I ran off the trail, between trees and over bushes, trusting in my less prominent senses to keep me from running into a tree. I was halfway up the mountain when I did run into something, and it wasn't a tree. It was a bear.
In my defense, the bear dropped right out of the tree in front of me, and I didn't have time to swerve. It batted me away, making a strange grunting noise. Without thinking, I rushed at it. A punching bag at last!
My fists and feet sunk into the startled creature, and it was a few moments before it thought to do anything back. But what it did do shocked the ever-loving hell out of me.
It kicked me.
Bears do NOT kick. Or, at least, they don't do scissor kicks at people's stomaches. The blow knocked me back, into something else that was squishy—something that had arms, arms that locked around me and refused to let me go. I kicked at the attacker, but he didn't seem affected.

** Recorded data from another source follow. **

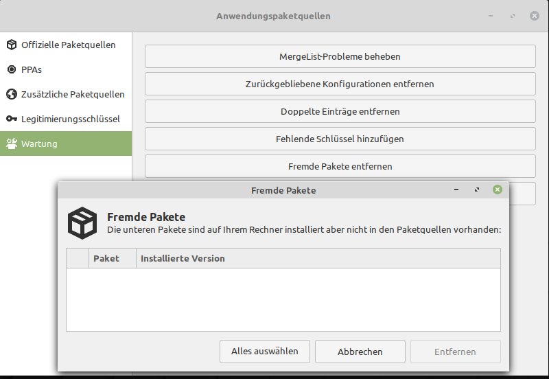 Erneuter Klick auf Listeneintrag: "Wartung" - "Fremde Pakete entfernen"
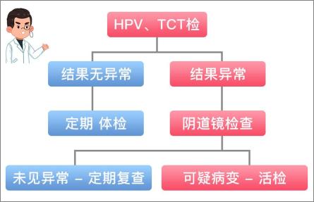 可以简单理解为:如果你的检查结果一路绿灯,那就不用经历活检这个环节,但是如果出现了“异常”信号,那就要进行阴道镜检查或活检,来进一步诊断。阴道镜检查大家应该也有所耳闻,它是在强光源照射下,通过阴道镜将组织放大6~30倍,由此来观察阴道、阴道、宫颈的上皮病变。
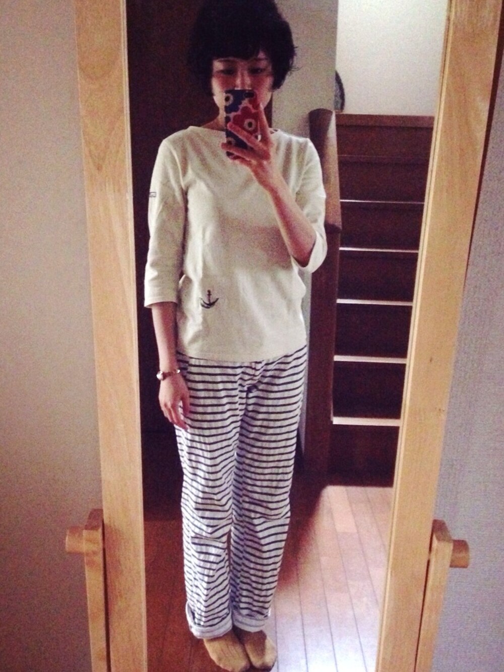 トップス:アーバンリサーチ パンツ:アーバンリサーチ たまたまアーバンリサーチづくし! トップスにはいかりマーク。 マリンコーデです。
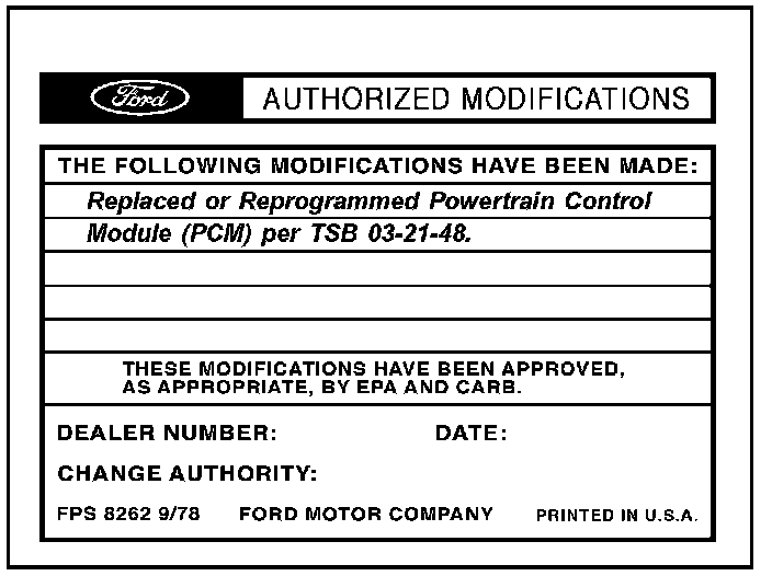 Obtain an Authorized Modifications Decal (FPS 8262 - obtainable through DOES II, 25/pkg) and list the date, dealer number, and summary of modifications performed. Select a prominent place adjacent to the Vehicle Emission Control Information Decal suitable for installing the Authorized Modifications Decal. Clean the area, install the decal, and cover it with a clear plastic decal shield.
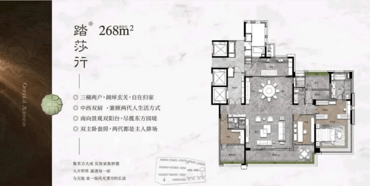 建面约268㎡改善大平层:旗舰户型,关注度相对较低,剩余房源约10套,三梯两户含独立保姆电梯,LDKG大方厅面积近120㎡,定位高端,适合大型家庭居住。
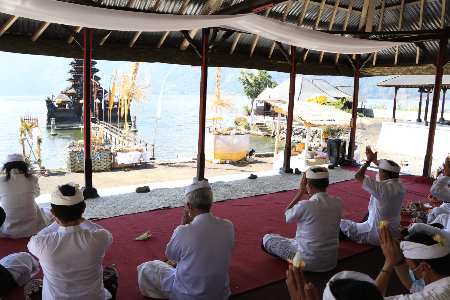 Bangli – Gubernur Bali, Wayan Koster melaksanakan Upacara Aci Pakelem Hulu-Teben di Panca Sagara secara serentak pada hari Sabtu bertepatan Purwani Tilem Bhadrawada/Sasih Karo, dengan mematuhi Protokol Kesehatan secara ketat dan penuh disiplin,Sabtu, (7/8/2021).
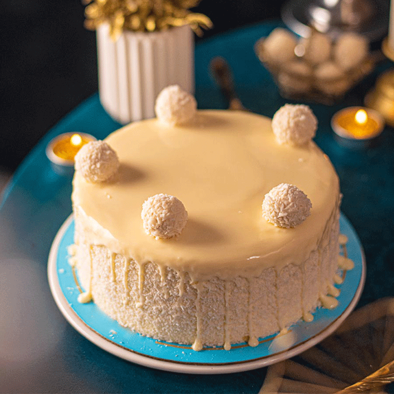 Topped with shredded coconut, white chocolate, and signature Raffaello pieces, this elegant cake is perfect for birthdays, anniversaries, and special celebrations. Every bite delivers a delightful blend of textures and flavors that will leave you craving more!
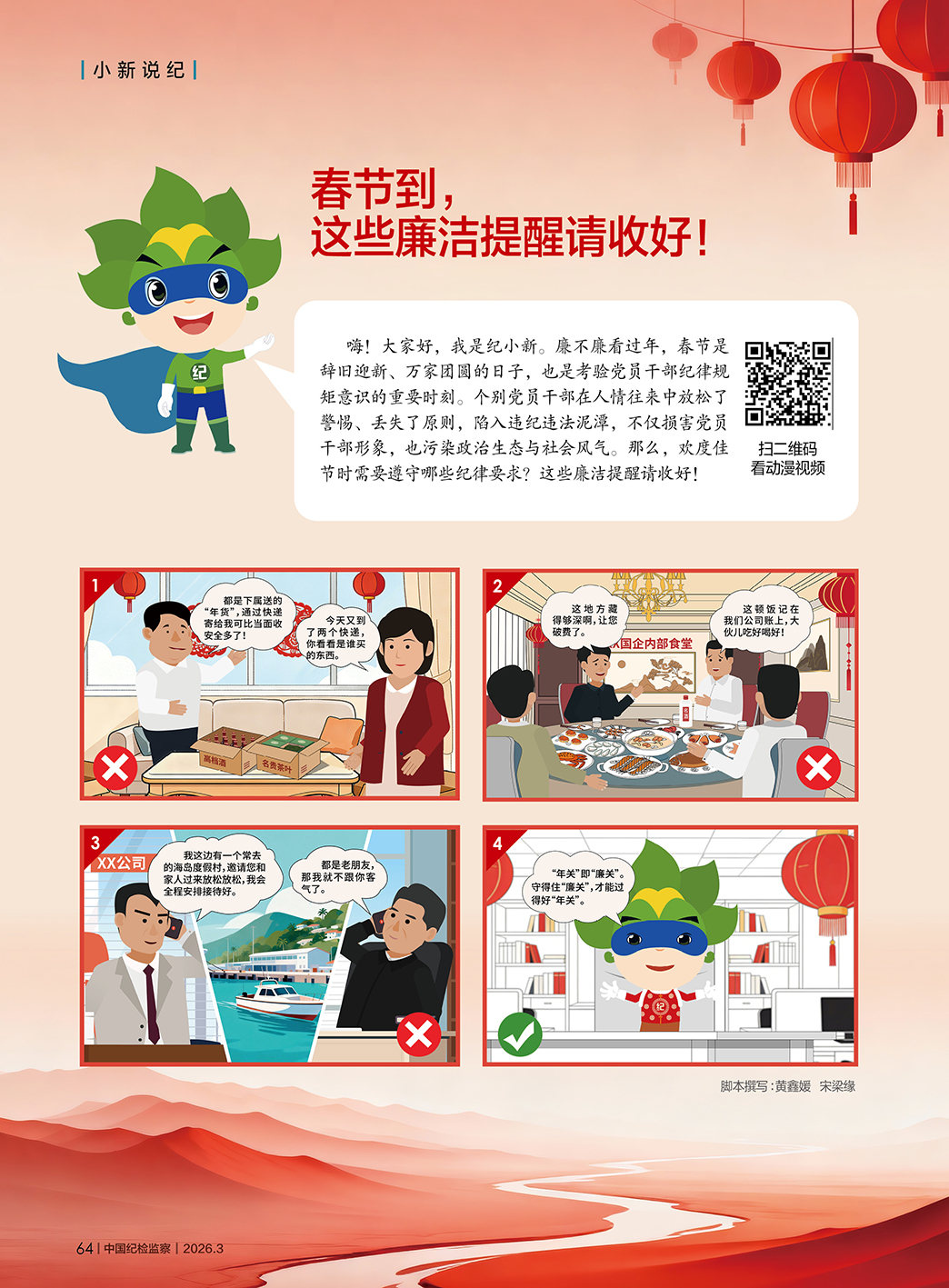 嗨!大家好,我是紀小新。廉不廉看過年,春節是辭舊迎新、萬家團圓的日子,也是考驗黨員干部紀律規矩意識的重要時刻。個別黨員干部在人情往來中放松了警惕、丟失了原則,陷入違紀違法泥潭,不僅損害黨員干部形象,也污染政治生態與社會風氣。那么,歡度佳節時需要遵守哪些紀律要求?這些廉潔提醒請收好!
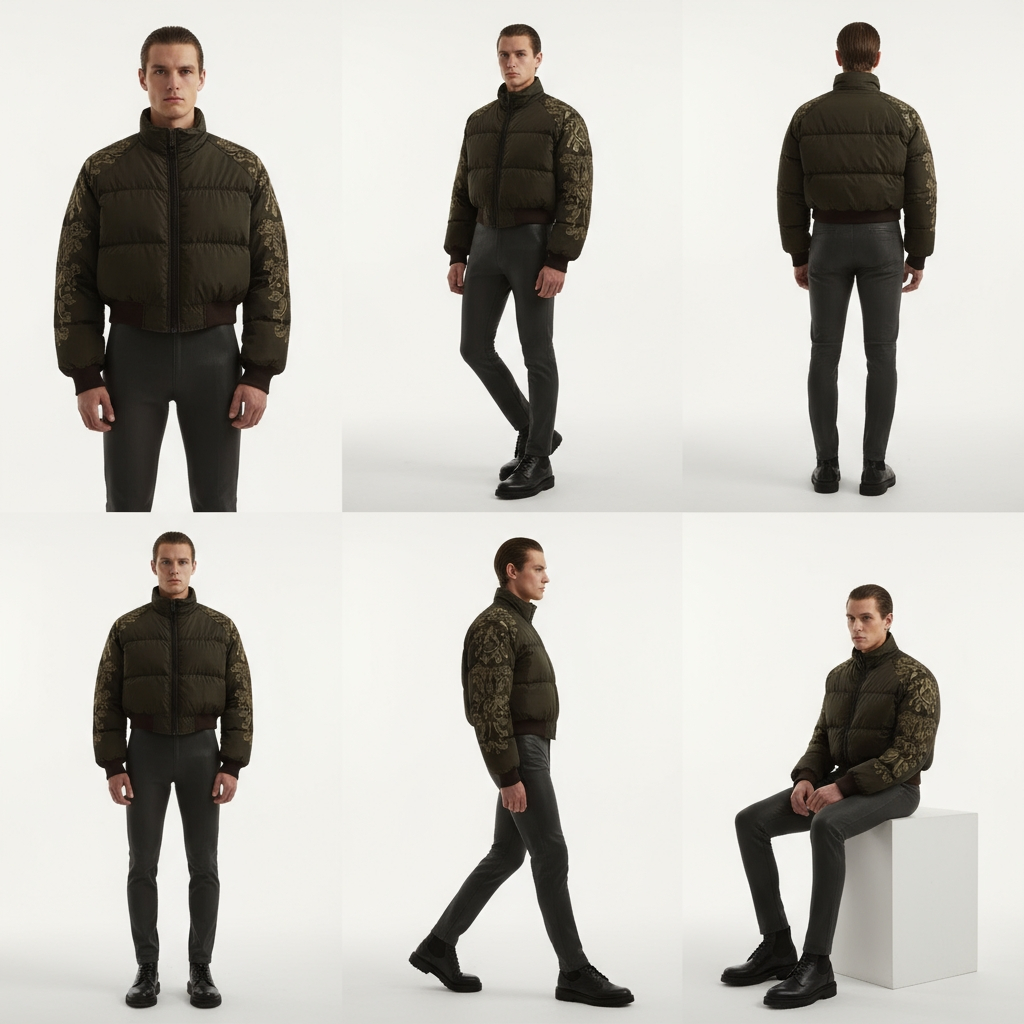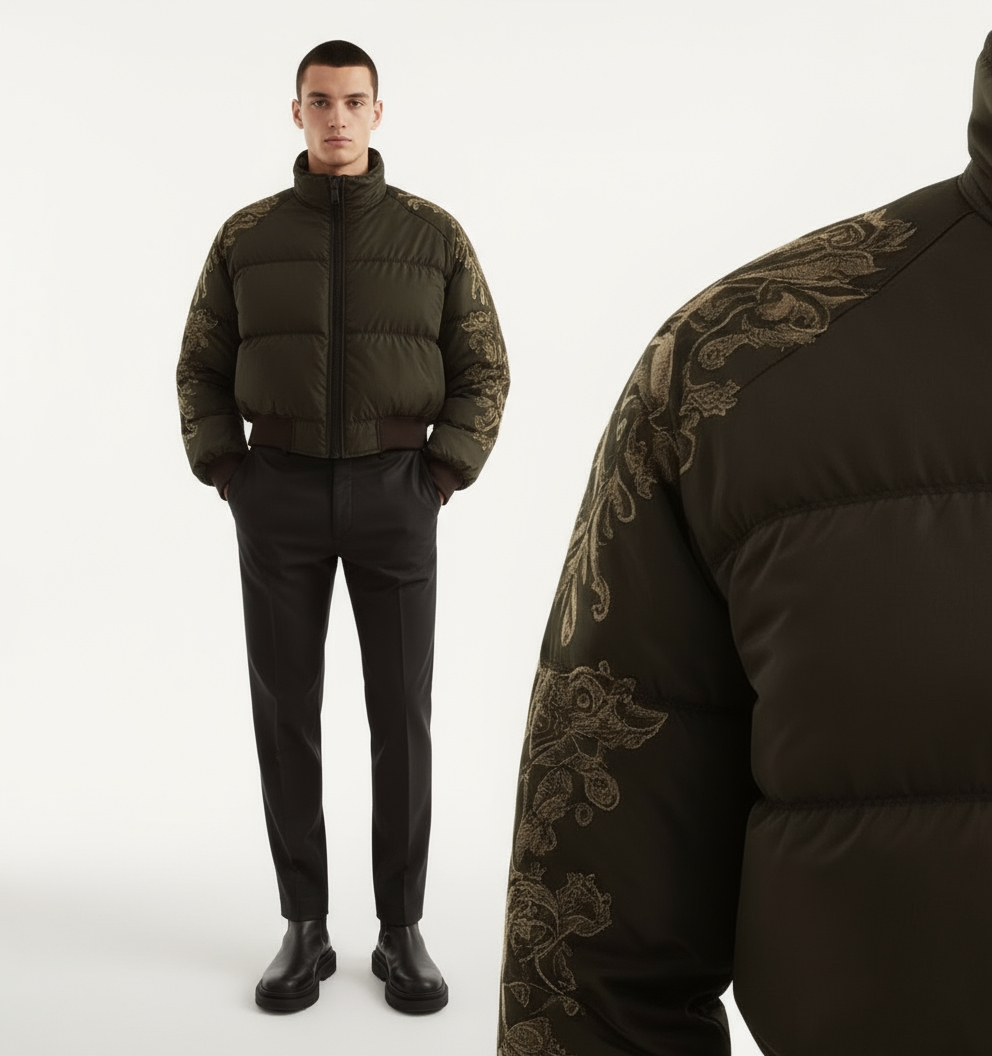The Glitch Gilded Ember Bomber fuses puffer warmth with embroidered elegance. Olive shell, golden floral details, and a silhouette built for street-luxury dominance.

No, wait, she didn't seem affected.
"Oyaji!" came a startled, female voice from behind me. Then, in English. . .
"Would you stop kicking already? It won't do you any good," the girl holding me warned. I realized, belatedly, that she was shorter than I was. I tried to lift her off the ground by bending forward, but she stayed put.
"There's a bear out here, idiot, and it kicks!" I snarled.
No my best dialogue, but hey, I wasn't exactly in a position to compose sonnets at that point.
"Stop kicking or I'll knock you out!" the voice warned. I kicked her in the shins, hard, and the night rushed up around me, embraceing, smothering, all-encompassing.